Edinburgh Cancer Centre, Edinburgh, Scotland

To the Editor:

We congratulate Jatoi et al¹ in completing a large, well-powered, phase III pharmaconutritional study in cancer-associated wasting (also referred to as cancer cachexia). This study highlights several points that deserve further discussion.

Although incompletely understood, cancer-associated wasting is common and debilitating. To date, efforts to mitigate it have met with limited success. Cancer-associated wasting is likely to be a multifactoral process. To date, this has not been reflected in the design and reporting of clinical studies. To better understand cancer-associated wasting and the effects of intervention, a consensus research definition incorporating contemporary knowledge is needed. This should attempt to characterize patients by, for example, the severity of wasting, the presence or absence of systemic inflammation, and predominant symptoms or symptom clusters. These parameters may reflect underlying differences in pathophysiology and influence the response to intervention. Such consensus in trial design should make it easier to compare and analyze wasting studies.

This study, like others, places the outcome emphasis on absolute weight gain. This may not be appropriate. First, the actual patient benefit from weight gain alone is unclear.² Second, a primary end point of 10%+ weight gain is likely to favor megestrol acetate (MA). Marked sarcopaenia is a major component of cancer-associated wasting. The predominant effect of eicosapentaenoic acid (EPA) on body composition seems to be modulation of the loss of muscle mass. This degree of weight gain as a result of muscle accretion is currently physiologically unrealistic for most patients with advanced cancer. With MA, weight gain is predominantly due to tissue other than muscle, which may be more readily achievable. Whereas the functional benefit of gaining adipose tissue is currently uncertain, a significant increase in physical activity level has been demonstrated in patients with advanced pancreatic cancer taking an EPA-containing oral nutritional supplement³ (although the mechanism by which this increase occurs is unclear).

A greater understanding of what constitutes meaningful patient-focused end points is needed in cancer-associated–wasting research. Increased appreciation of how current outcomes relate to one another may help in this. For example, the observation that weight gain or appetite stimulation doesn't necessarily improve quality of life is incompletely explained. Although pragmatic, relying on a global quality of life tool may limit the ability to answer questions like this one.

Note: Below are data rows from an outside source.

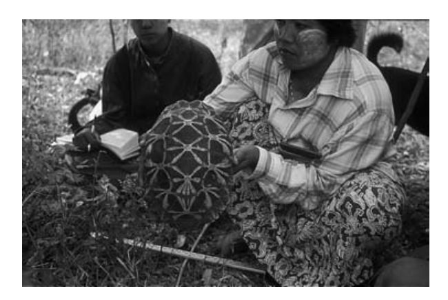
Plate 3 Female star tortoise captured in a fallow cotton field near the base of Myaleik Taung during March 2001. This was the largest star tortoise (carapace length = 27.8 cm) found in two years of fieldwork.

contrast, large tortoises were frequently encountered at Myaleik Taung indicating that exploitation has been minimal.
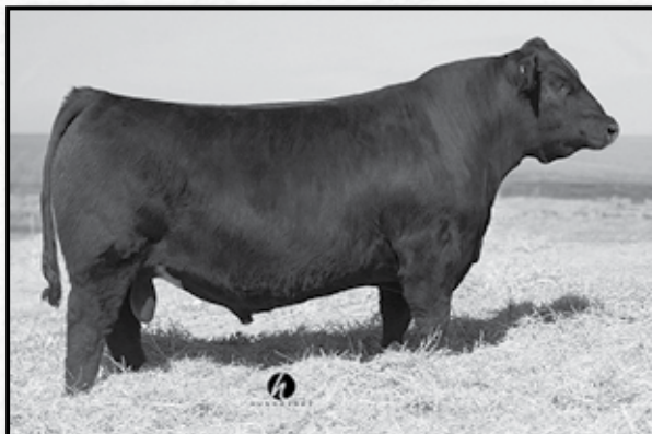
CCR Boulder • AI service sire to lots 22 and 23
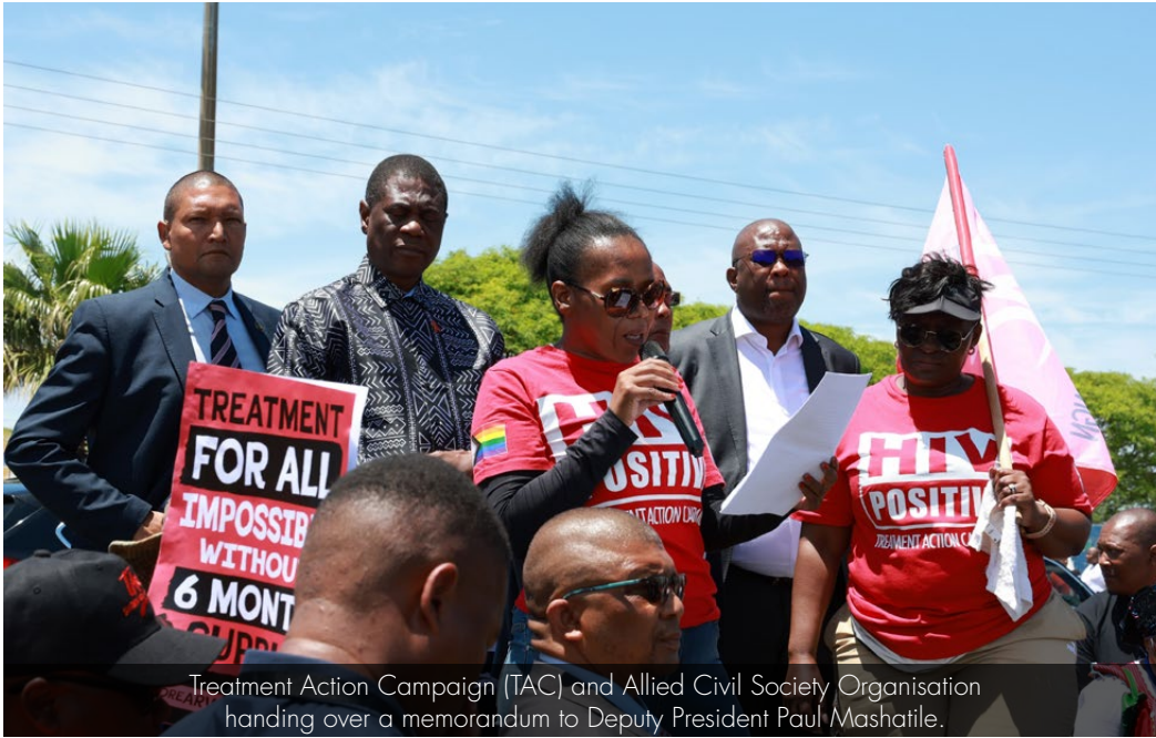
Treatment Action Campaign (TAC) and Allied Civil Society Organisation handing over a memorandum to Deputy President Paul Mashatile.

Jatoi et al reported on an apparent lack of benefit from a combination of an appetite stimulant and specialized supplement; this finding warrants further assessment. Additional information, such as the daily amount of supplement consumed, given a possible threshold effect of EPA supplementation, and plasma levels of fatty acid might have helped to assess compliance and interpret results.

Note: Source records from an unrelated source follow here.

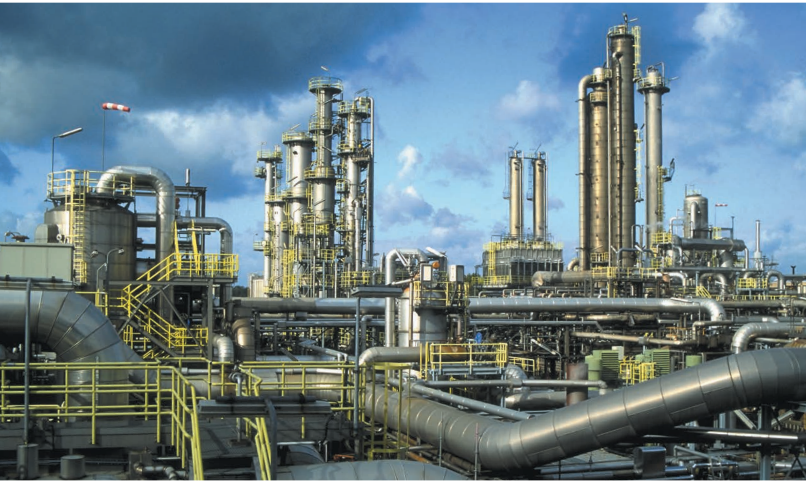
Wagma Engineering Pty. Ltd. - Proudly Australian owned & operated since 1975
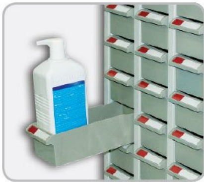
Safety Lip design
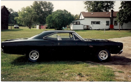
1968 DODGE CORONET R/ T

Hours: 8:30am - 5:30pm Monday - Friday Saturday by Appointment
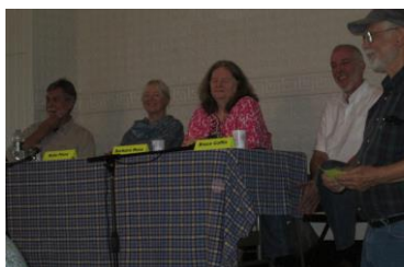
MAINE MYSTERY WRITERS
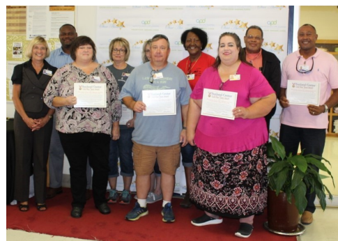
GOLD STAR TEAM AWARD THIEL CENTER DIRECT CARE, BEHAVIOR SERVICES, CSS RECREATION, RANCH & RECYCLING
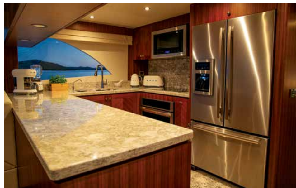
CLOCKWISE FROM ABOVE The bridge deck will appeal to party-goers; step inside the bridge and a semi-formal lounge awaits anyone looking for respite from the outdoors; the helm is a study of simplistic elegance; the galley, although not the biggest, is well appointed and laid out

helm chairs have excellent forward views, and Ocean Alexander's treatment of the dash is stylish and sophisticated. The Multi-function screens are housed in a slim freestanding pod supported by three stainless posts, through which the hard wiring runs. It resembles a modern multi-screen video editing suite rather than a built-in moulded helm station.

The conclusion suggests that the EPA-containing supplement does not improve on MA in the management of cancer-associated wasting. Although we agree that MA may be helpful for selected patients, this study, for reasons that include the lack of demonstrable benefit from greater weight gain alone and the potential for increased toxicity from MA, suggests that there is little to recommend MA over the EPA-containing supplement for the majority of patients. There are also other reasons why MA may not be beneficial to patients with cancer-associated wasting, or help them maintain their ability to complete daily activities. These reasons include the possible antianabolic effect of MA.⁴

Research has generally tried to reverse established wasting in patients with advanced cancer who are not receiving antitumor therapy. This may not be the optimal paradigm. Physiologic changes associated with wasting (eg, hypermetabolism) can manifest early in the disease process,⁵ before patients are clinically recognized as "wasted," according to current criteria. Earlier intervention targeting cancer-associated wasting may be a better model to maintain well-being, functional independence, and disease-centered parameters.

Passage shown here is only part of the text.